I add backslash to the end of PySpark commands so I can continue command on the next line. To break it up and make it easier to read.
the asterisk * tells the Spark function to operate element-wise on the list fed to it. Similar to :_* in Scala
you can choose to put elements in a list first, with f.collect_list(f.col("colname")) then do f.size() on the column you created, but in this case, null values, and spaces insead of nulls will give you a headache as they would count. You can try circumventing that by replacing nulls with a distinct value before you create the array column, then use f.array_remove() on the newly created array column from collect_list or collect_set (distinct values) then use f.size. Experiment with that, I haven't successfully done it this way. Search online for "removing null values from an array column Spark". Someone suggested df.withColumn('vec_comb_clean', f.expr("FILTER(vec_comb_clean), x-> x IS NOT NULL")) though that didn't work as intended in my case for some reason; but it's more efficient if it did. Try it and verify on your own.

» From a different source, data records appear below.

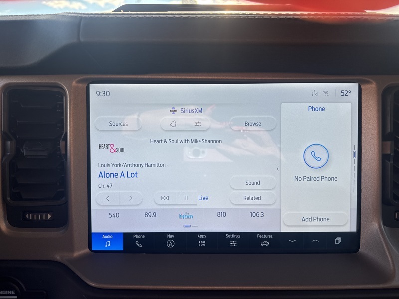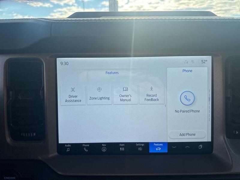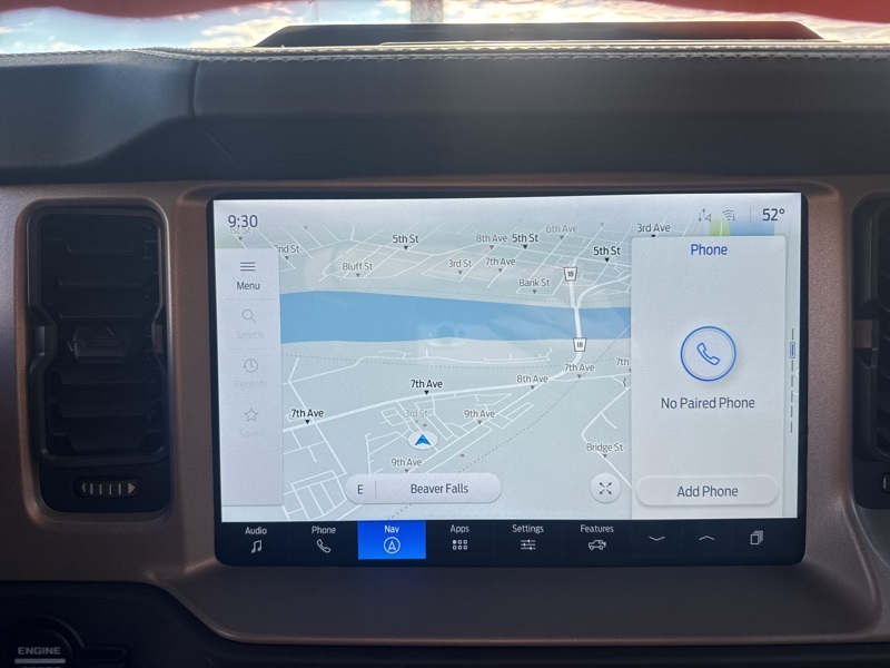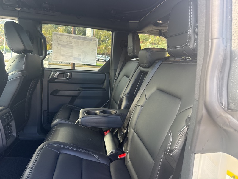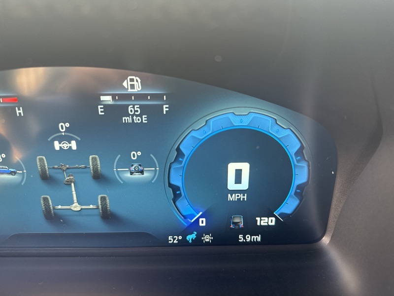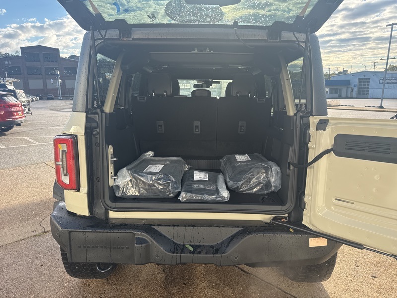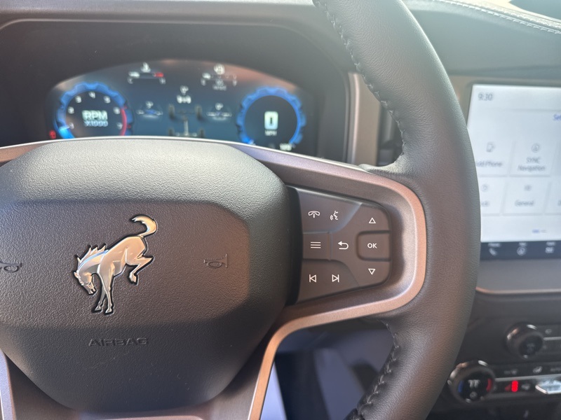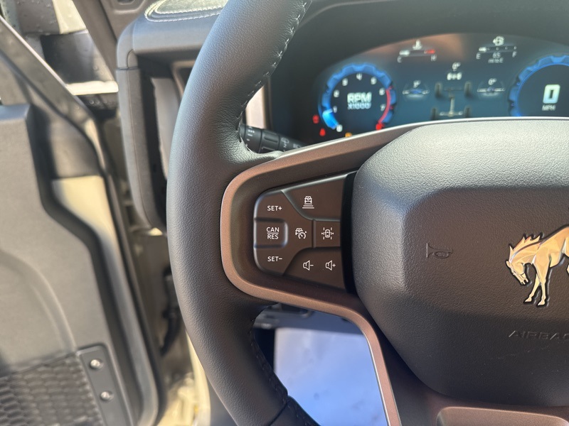 Step inside, and the story changes from rugged to refined. The leather-trimmed vinyl seats are both durable and upscale, complemented by dual-zone climate control, heated front seats, and carpeted flooring for a touch of everyday luxury. A massive 12-inch touchscreen running SYNC 4 with connected navigation puts the world at your fingertips, and the 12-speaker B&O sound system turns every road into a private concert hall. Add in Ford Co-Pilot360, adaptive cruise control, and a 360-degree camera, and you've got a Bronco that's as smart as it is strong.
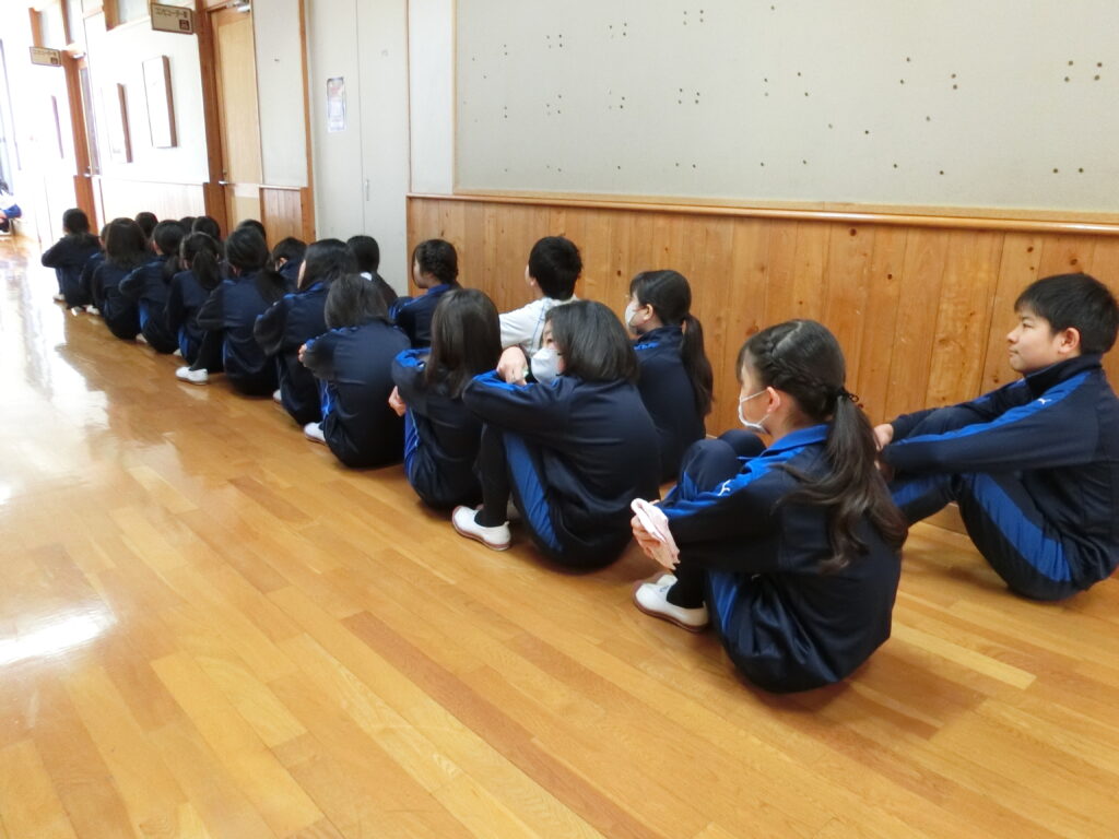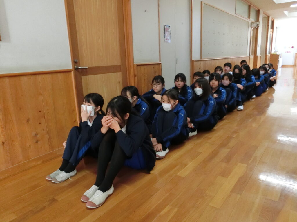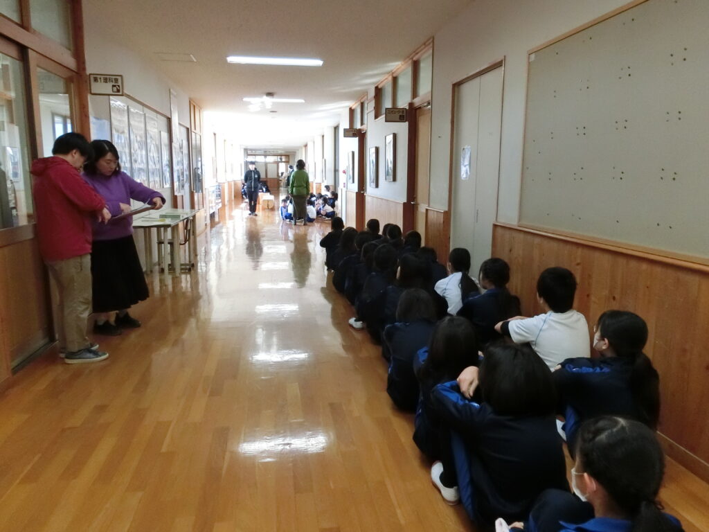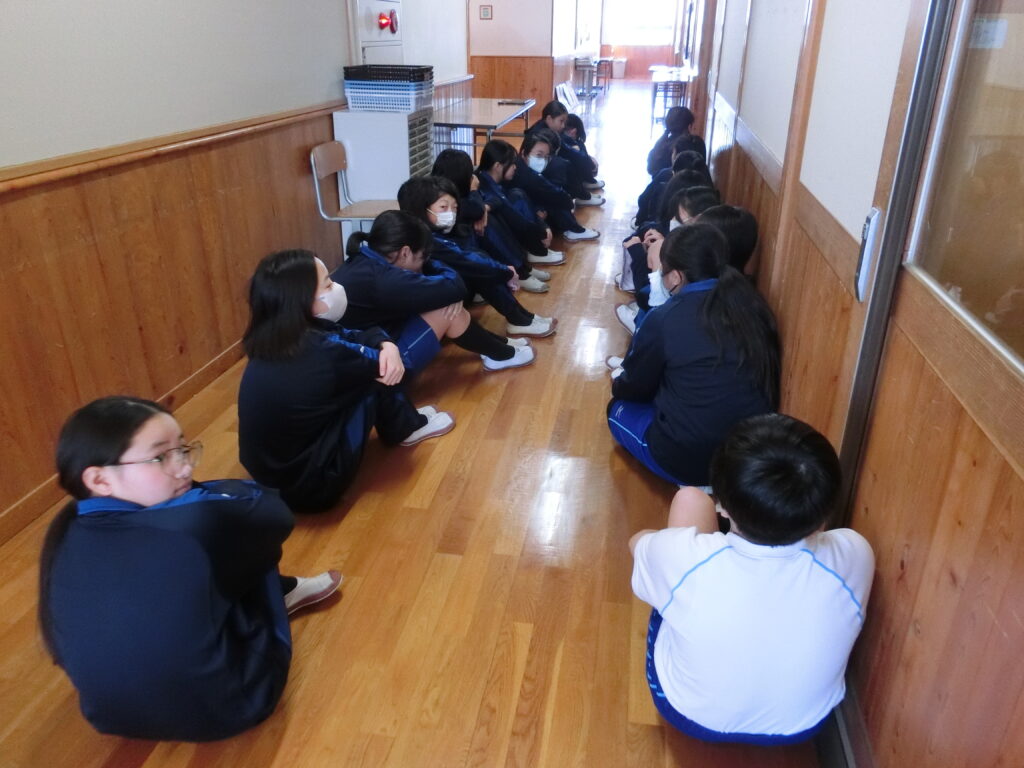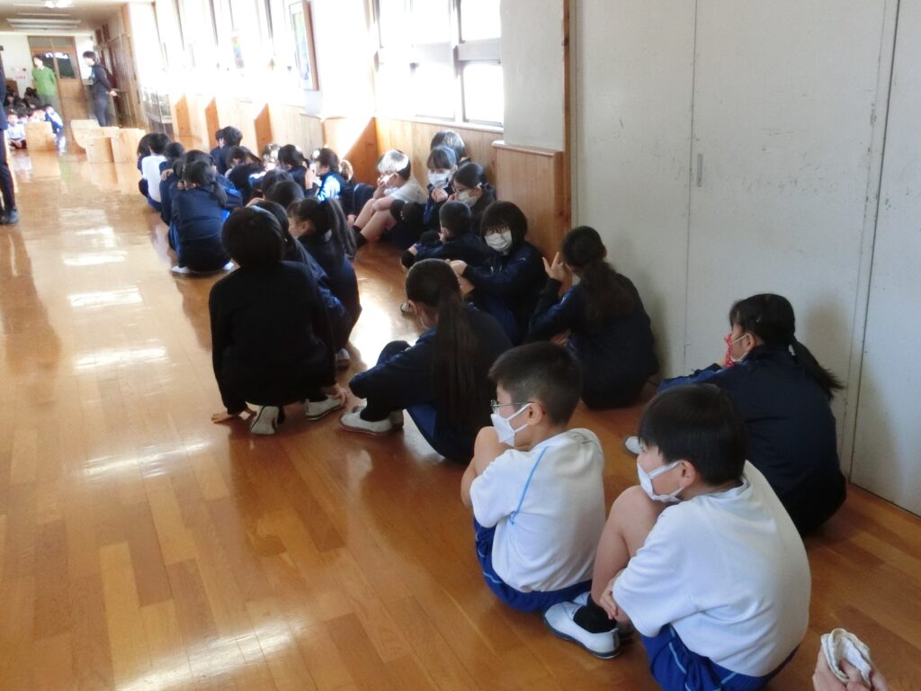 今回は、学内でのインフルエンザ流行に伴う感染拡大防止のため、全校児童が校庭へ避難するのではなく、各学級の廊下へ素早く移動し、点呼と安全確認を行う形での訓練としました。
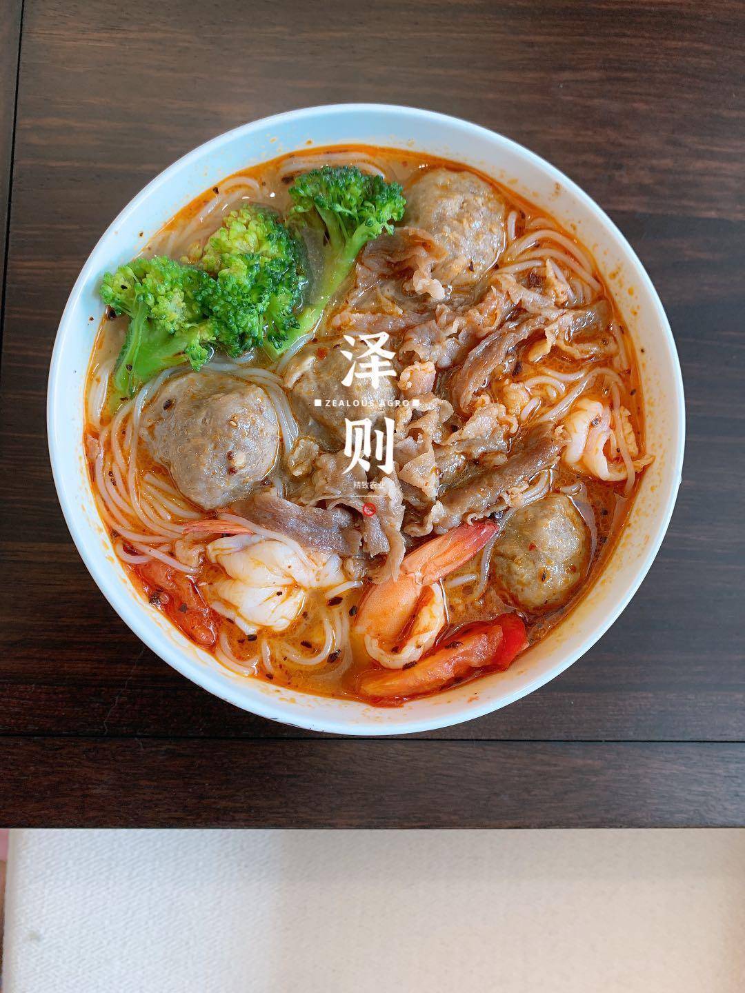 3.将煮好的米线倒入稀释后的鸡汤,根据个人口味适当加入麻辣料包后即可食用(可根据个人喜好适当加入各种蔬菜或者肉类)

Categorical Variables Exploration

A very inefficient and cumbersome way to get categories of each column per class of label column, plus the top 10 categories, and the percentage of nulls of each categorical column w.r.t. each label

def get_counts_per_label(colname, df, labelcol="label_column"):
	"""used internally in the next function"""
	tup= df\
	.select(colname, labelcol)\
	.groupBy(labelcol)\
	.agg(f.count(f.col(colname)).alias('count'))\
	.collect()
	
	count0= [row['count'] for row in tup if row[labelcol]==0][0]
	count1= [row['count'] for row in tup if row[labelcol]==1][0]
	
	return count0, count1

since this function performs heavy process, I'll do it outside the function below, and feed its result to the next function. count0, count1= get_counts_per_label(colname=colname, df=df, labelcol= "label_column")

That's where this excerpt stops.